Friday, November 02, 2012

Proposal to make Kota Kinabalu Wetlands a Ramsar site


KOTA KINABALU: Sabah Biodiversity Centre is proposing that the 24-hectare Kota Kinabalu Wetlands be made as a Ramsar site under the Ramsar Convention.

“It hopes to forward the paper to the Ministry of Nature Resource and Environment earliest by November or December,” said Sabah Biodiversity Centre director Dr Abdul Fatah Amir.

He said feedback from the public would be compiled and forwarded to the State Cabinet and relevant departments.

Once the report was approved by the Cabinet, Fatah said the centre would forward it to the Ministry of Nature Resources and Environment in Kuala Lumpur.

He said the centre would try to expedite the process and aimed to complete it by November or December.

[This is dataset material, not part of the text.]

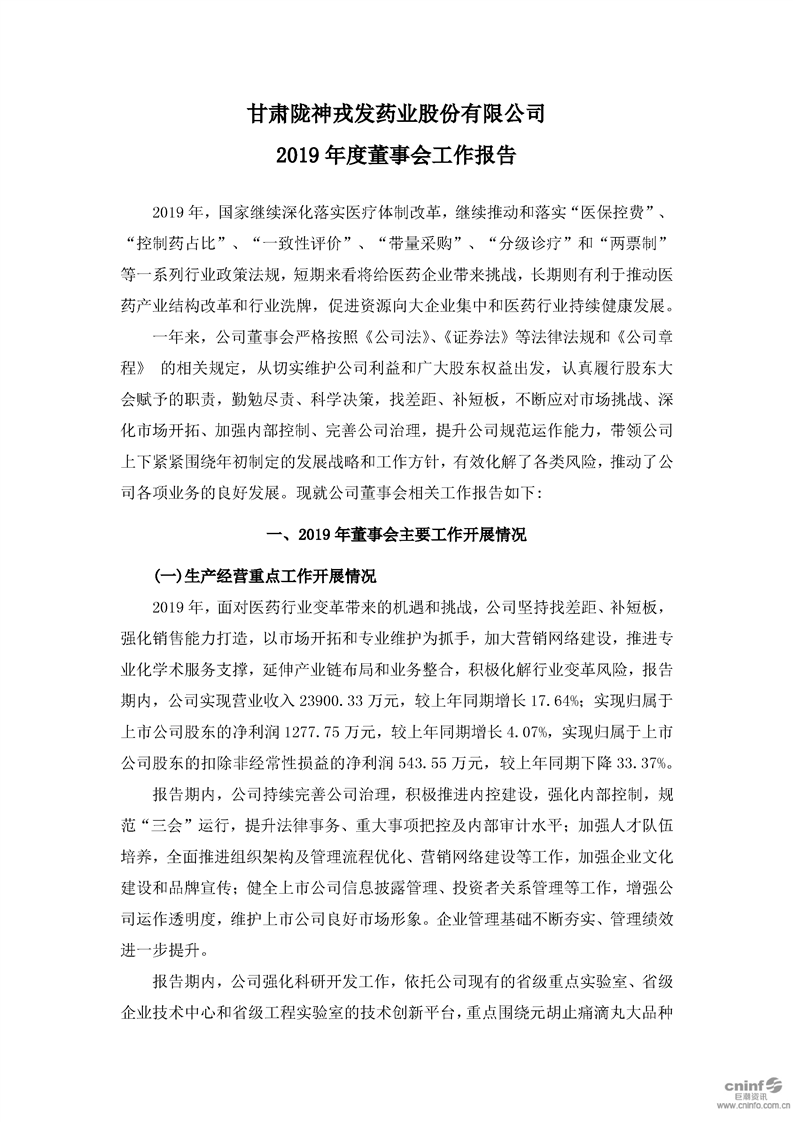 2019年度董事會工作報告

Fatah said this in an interview after the third dialogue with stakeholders here yesterday. Among the objectives of the dialogue were to inform the need and importance to register Kota Kinabalu Wetlands as a Ramsar site as well as to obtain input and feedback from stakeholders regarding this matter.

Fatah said the Lower Kinabatangan-Segama Wetlands was designated as a Ramsar site in October 2008, a mere five months after the process, which included stakeholder and state agency meetings and workshops, begun in May the same year.

He pointed out that the concerns of property owners near Kota Kinabalu Wetlands raised in the dialogue, such as whether future development plans would be restricted once Kota Kinabalu Wetlands achieved Ramsar status was not related to Ramsar.

Earlier in the dialogue, Fatah explained that Ramsar was not a legal binding treaty, meaning Ramsar dids not create laws or regulations.

“Ramsar uses managing plan as guidance which complies with existing laws,” he said, adding that Ramsar dids not restrict development but used existing laws such as Draft Kota Kinabalu Local Plan 2020 or the Environmental Protection Enactment to guide property development.

Fatah pointed out that Ramsar was more on how to maintain the quality of ecosystem to preserve existing endangered species.

After achieving Ramsar status, there would be a managing plan which would be developed with the stakeholders, Fatah said.

He assured that the managing plan, which used existing laws as a guideline to maintain the quality of the site, would not be imposed on stakeholders as it would be developed based on consensus with the stakeholders.